I will also check your suggestions about window redrawing. I found out that a call to force-output on the pane will do the redraw on my system (Linux/X11).
-- Orm
Am Dienstag, den 05. Mai 2009 um 04:30:52 Uhr (+0000) schrieb Andy Hefner:
On Mon, May 4, 2009 at 8:08 AM, Orm Finnendahl o.finnendahl@mh-freiburg.de wrote:
Hi,
still working on my specialized browser I'm starting to implement the gui part of the application. Three questions:
- Can I update (redraw) a pane without activating it with the mouse?
"(window-refresh pane)" doesn't actually draw unless the window gets activated in the window-manager).
That sounds very odd. I could speculate at causes, but McCLIM's definition of window-refresh looks suspect anyway. I recommend using (repaint-sheet stream (window-viewport stream)) instead of window-refresh. Possibly there's a buffering issue, but in most circumstances McCLIM takes care of that for you. Try calling finish-output on the stream after drawing.
- How can I implement scrolling in the pane? The scroll bars are there
but they don't get updated if I draw off the visible region of the pane.
After drawing on the pane, at some point the pane has to be resized to fit the output. McCLIM tries to do this itself at appropriate times (such as at the end of lines of text, after calling the display function, or table/graph formatting), but this is somewhat expensive so the various drawing functions don't do it automatically. In particular, if you're working outside the normal paradigm of display functions, you might have to do this manually. One way is to call change-space-requirements on the pane with a width determined from the bounding rectangle of the stream-output-history. A shorter way is to call climi::fit-pane-to-output, which is what mcclim calls internally.
- Is there a straightforward way to get a reference to an output
record upon creation of the output record (to store it in the object which gets presented)?

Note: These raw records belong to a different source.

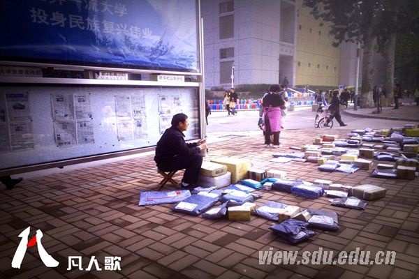 上午,距离与同学们约定的取件时间还有一段时间。快递员就早早赶到约定地点,将快件一件件小心细致地从快递车上搬出,摆放好,静待它们主人的到来。据快递员介绍,今天中午一共有二十几件快递,有网购的时装鞋子,也有电器,还有从家乡寄来的特产和棉被。
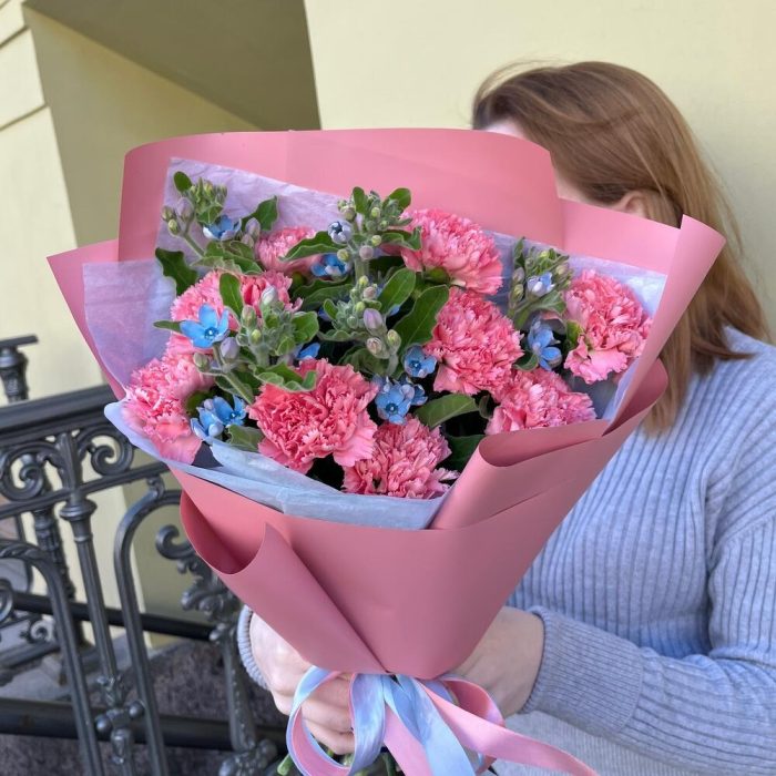 РОЗОВЫЕ ОБЛАКА – это букет, который подарит вам и вашим близким ощущение нежности и романтики. Диантусы и твидия – это цветы, которые имеют розовый и голубой и напоминают о сладких и мечтательных облаках. Этот букет – прекрасный подарок для тех, кто любит мягкие и изящные цветы.Чтобы букет радовал вас дольше, мы подарим вам специальное средство, которое надо будет добавить в вазу с холодной водой. Не забудьте подрезать цветы каждые 2 дня и менять воду – это тоже продлевает жизнь букету!
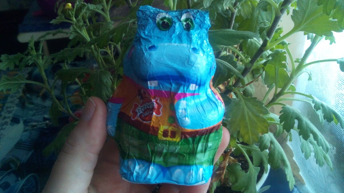Добрый день! Дорогие друзья! Поздравляю вас с наступившим Новым годом и приближающимся Рождеством! За несколько дней до Нового года я отправилась за покупками, планировала собрать для дочки хороший, вкусный сладкий подарок. Заглянула в Пятерочку, набрала там всяких конфет и уже на кассе заметила необычные шоколадные фигурки Детский сувенир. Один такой бегемотик стоил по акции всего 44,99 рублей, поэтому, было решено купить сразу два и положить их к сладкому подарку. Итак, Новый год наступил, подарок подарен дочке, она принялась с интересом перебирать его содержимое. Естественно, практически сразу она обратила внимание на этих бегемотов. Было решено открывать их первыми, а я заодно приготовила телефон, чтобы отснять процесс распаковки. Именно им я сегодня с вами и поделюсь. Изготовлен этот бегемотик фабрикой Славянка, под брендом Детский сувенир. Масса: 44,50 грамм. Вся информация об этом бегемотике была указана на самой фольге, кроме того, и на ногах фигурки я обнаружила бумажку, на к
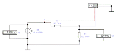Вольтметры V1 и V2 переведены в режим измерения постоянного тока (режим DC)для измерения постоянной составляющей входного и выходного сигналов.
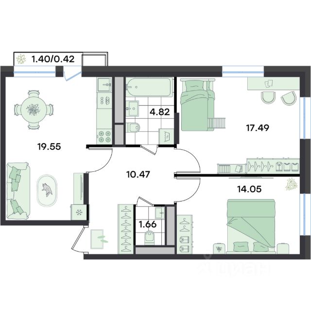 Продаётся 2-комнатная квартира в строящемся доме (Театральный, к2), срок сдачи: II-кв. 2026, общей площадью 55.9 кв.м., на 2 этаже. Бутик-квартал "G3 Театральный"
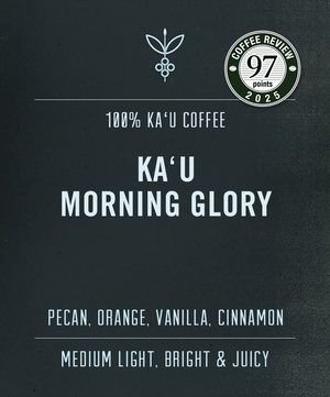 Discover a favorite coffee among locals: Kaʻū Morning Glory — a top-rated Big Island coffee with an extraordinary 97 points on Coffee Review, making it our highest-scoring coffee to date, and the highest scoring Kaʻū coffee ever.
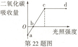 22. 某同学在探究不同光照强度对吊兰生理作用的影响时,记录二氧化碳吸收量的相关数据如图所示。图中能够表示有机物开始积累的点是(
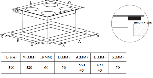 - Размер встраивания: 560×490 мм.
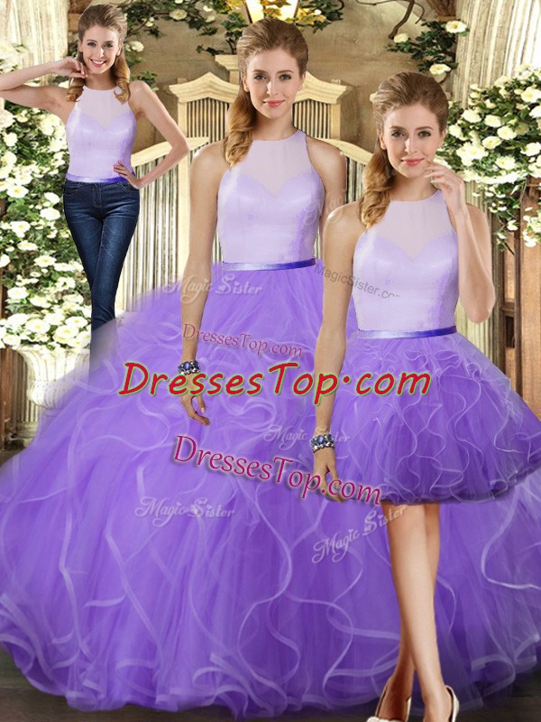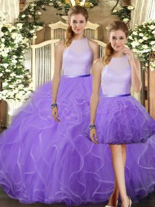 Ideal Lavender Sleeveless Tulle Backless 15 Quinceanera Dress for Military Ball and Sweet 16 and Quinceanera
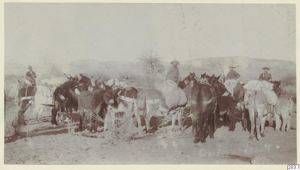 Ant.: Part of our outfit at Bluff City, Utah, consisting of 15 pack animals, 7 riding horses and seven men. (katalogkort)
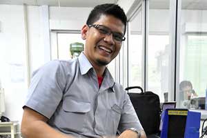Di dalam ruangan Departemen Manufacturing Engineering luas sekitar 25 m2, laki-laki itu bekerja bersama dua orang lainnya. Dia, Rajani Siregar (25 tahun), bekerja pada seksi New Line.
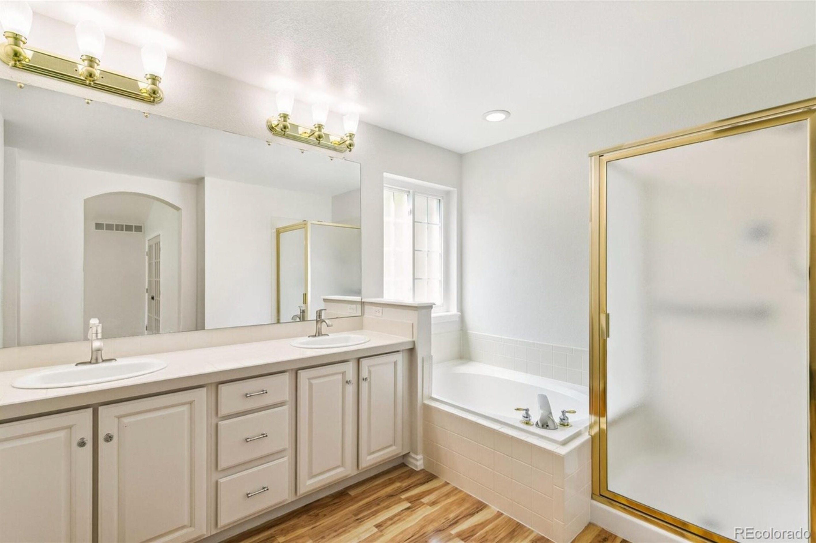 add a modern glass shower enclosure with modern tile to the ceiling replace the bathtub with a free standing tub modernize the vanity mirrors lighting
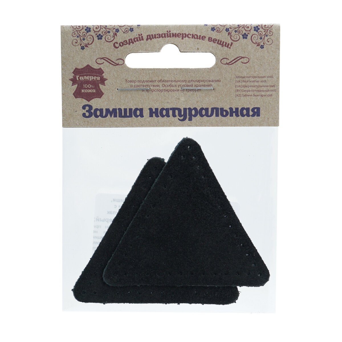 Купить 59116 Заплатки пришивные из замши, треугольник равносторонний 6см с перфорацией, 2шт/упак, 100% кожа (20 черный)
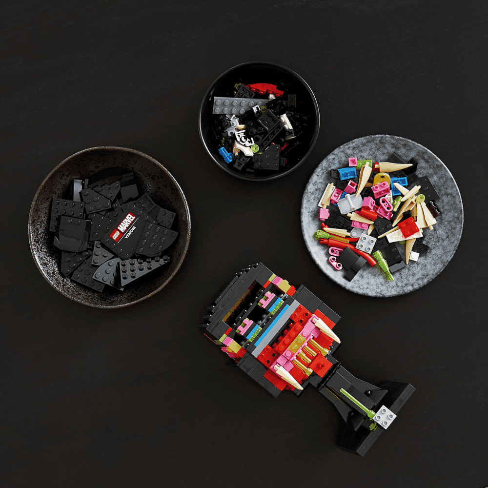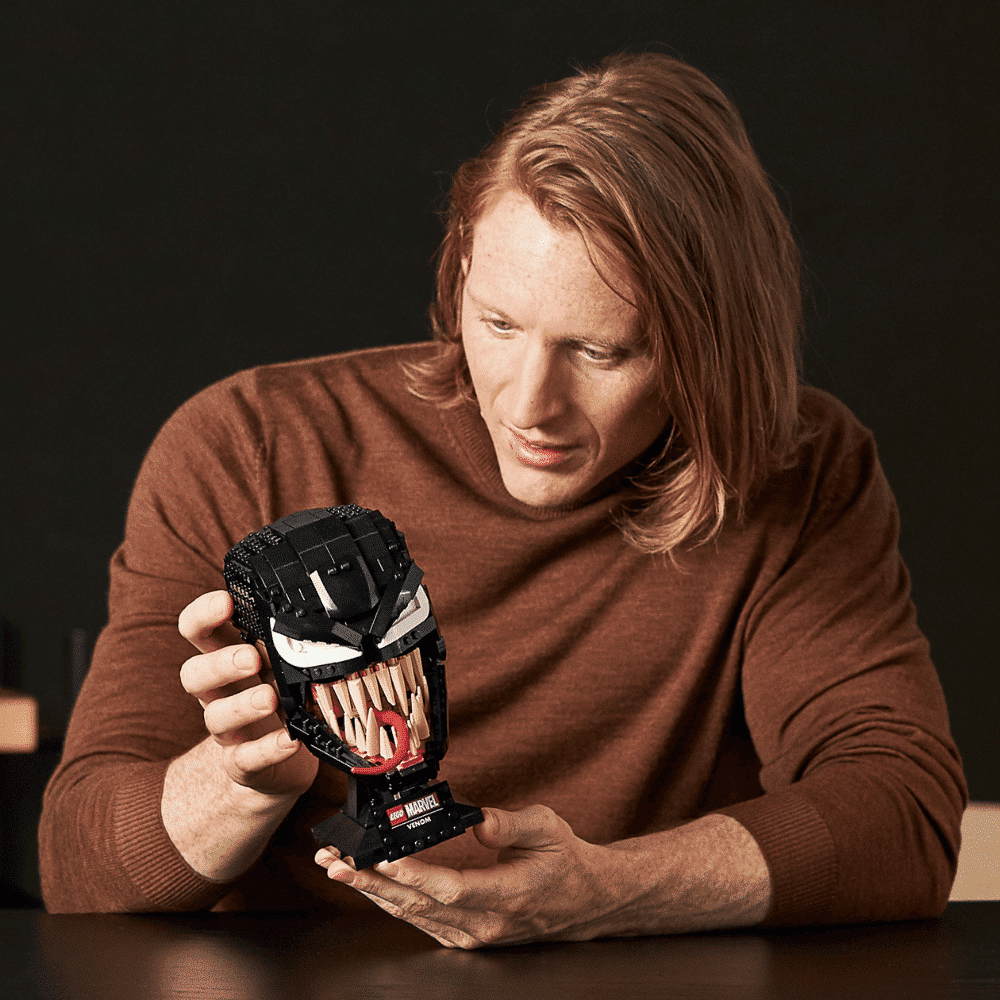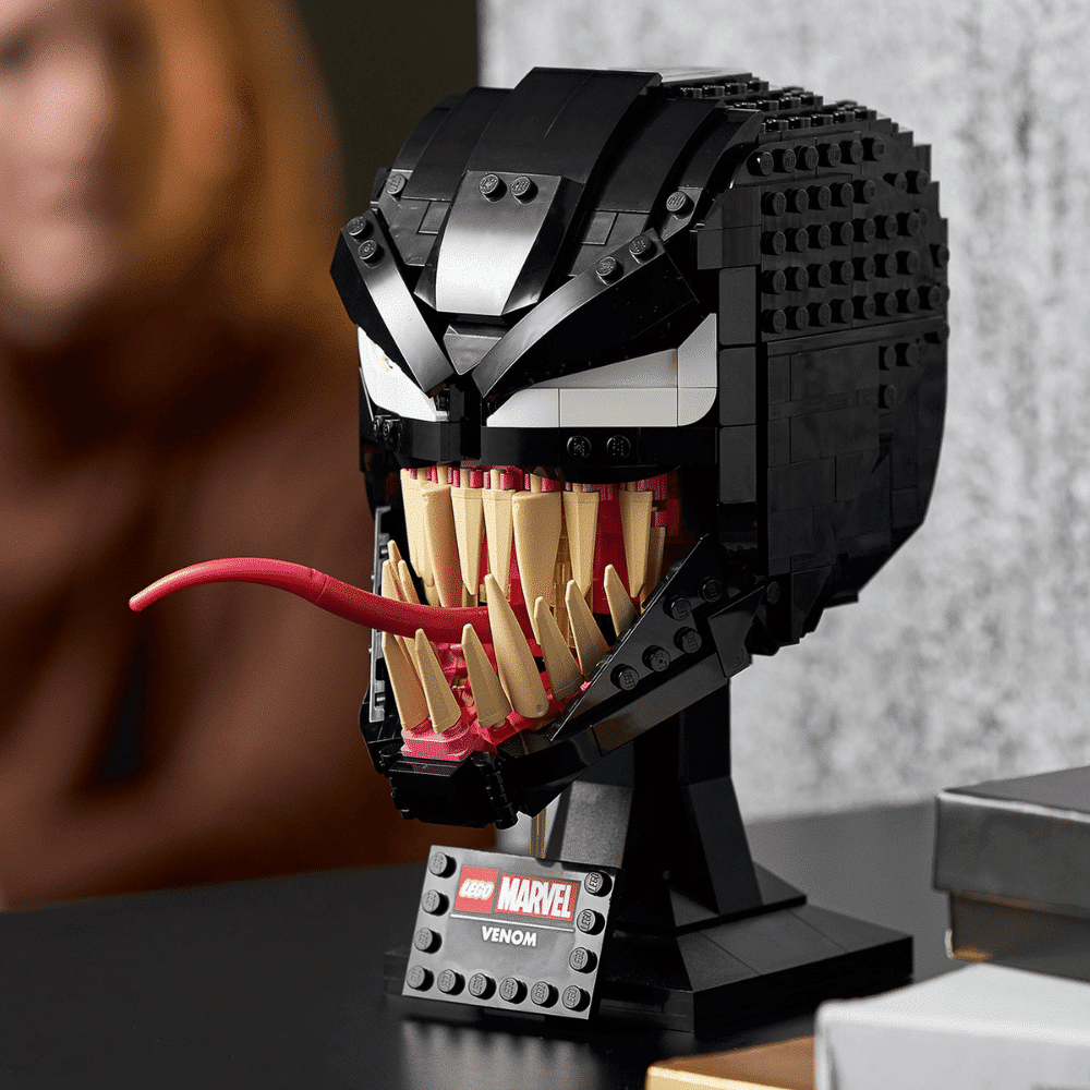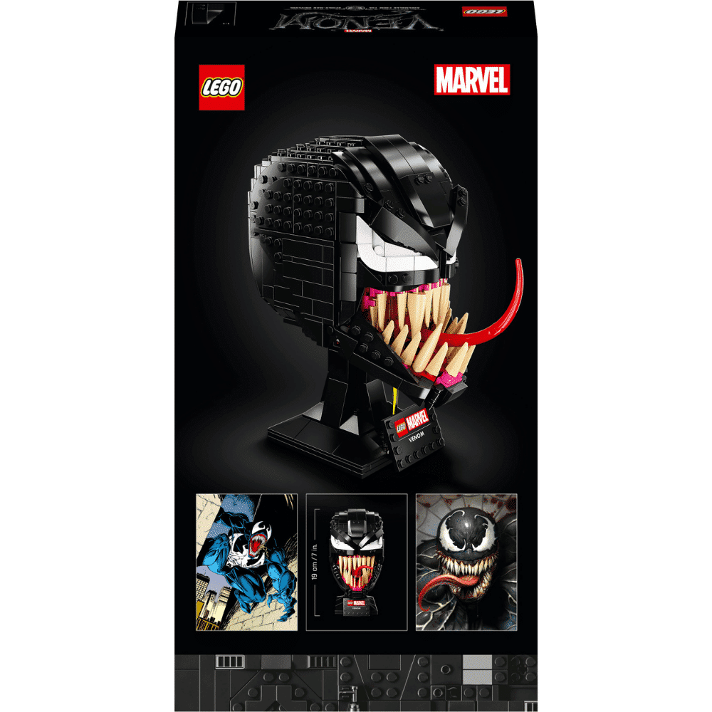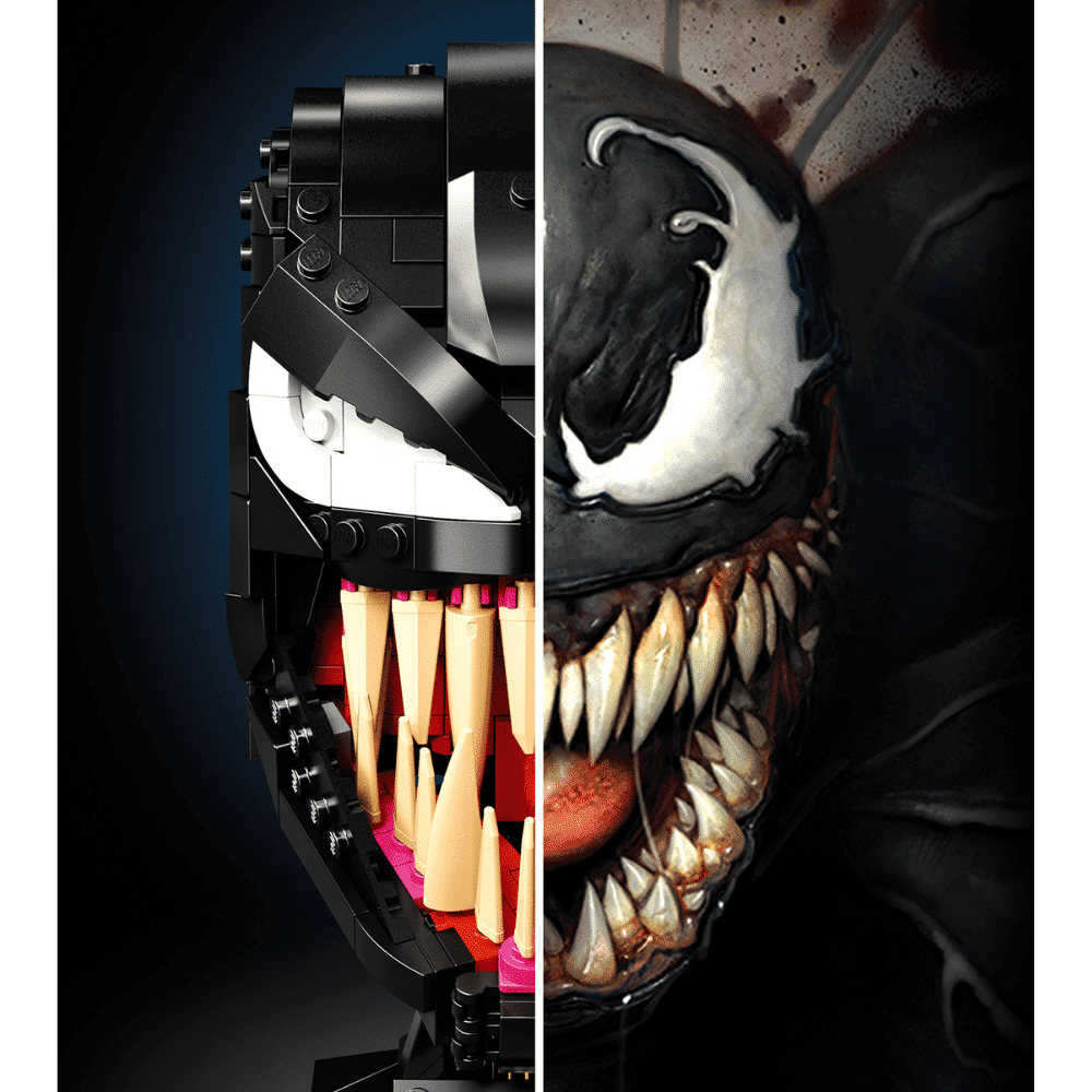 Venomin ja Spider-Man-elokuvien fanit uppoutuvat innolla palkitsevan rakennuselämyksen pariin kootessaan kammottavan, avaruudesta tulleen symbiontin aitoine yksityiskohtineen. Hahmolla on matala, musta otsa, ja karmaisevan suuressa suussa on tikarinterävät hampaat sekä pitkä ja notkea kieli. Tuloksena on hätkähdyttävä koriste, jonka esikuvasta ei voi erehtyä. Tukevalla jalustalla, johon on kiinnitetty nimilaatta, tämä hätkähdyttävä malli näyttää entistä vaikuttavammalta muiden sarjakuvista tuttujen LEGO rakennelmien rinnalla.

with-output-as-presentation returns the output record of the presentation. If you mean it's the output record of the drawn lines you want, I don't know of a good way of obtaining those as such. What I do is to draw things inside with-new-output-record, which will return a standard-sequence-output-record containing your drawing, then come back and add/remove things from this record or delete it altogether.
Maybe I'm doing it wrong by trying to access the output records themselves. This is the idea: I want to present graphical objects and change the shape of some of them using incremental redisplay. As far as I see, this should be done by deleting the respective output record and redrawing it with the new properties.
I do this sort of thing all the time (directly manipulating output records) and it's a powerful approach. Incremental redisplay is a higher level facility intended to spare you from the lower level details of dealing directly with output records, using updating-output to handle caching and update of sections of the output. There might be some confusion of terminology here. Perhaps using the higher level facilities will make things simpler. I personally always go the lower level route that you seem to be taking (mostly because I understand the output recording code quite well and like to maintain complete control), but other software like Climacs and the inspector have used incremental redisplay to good effect.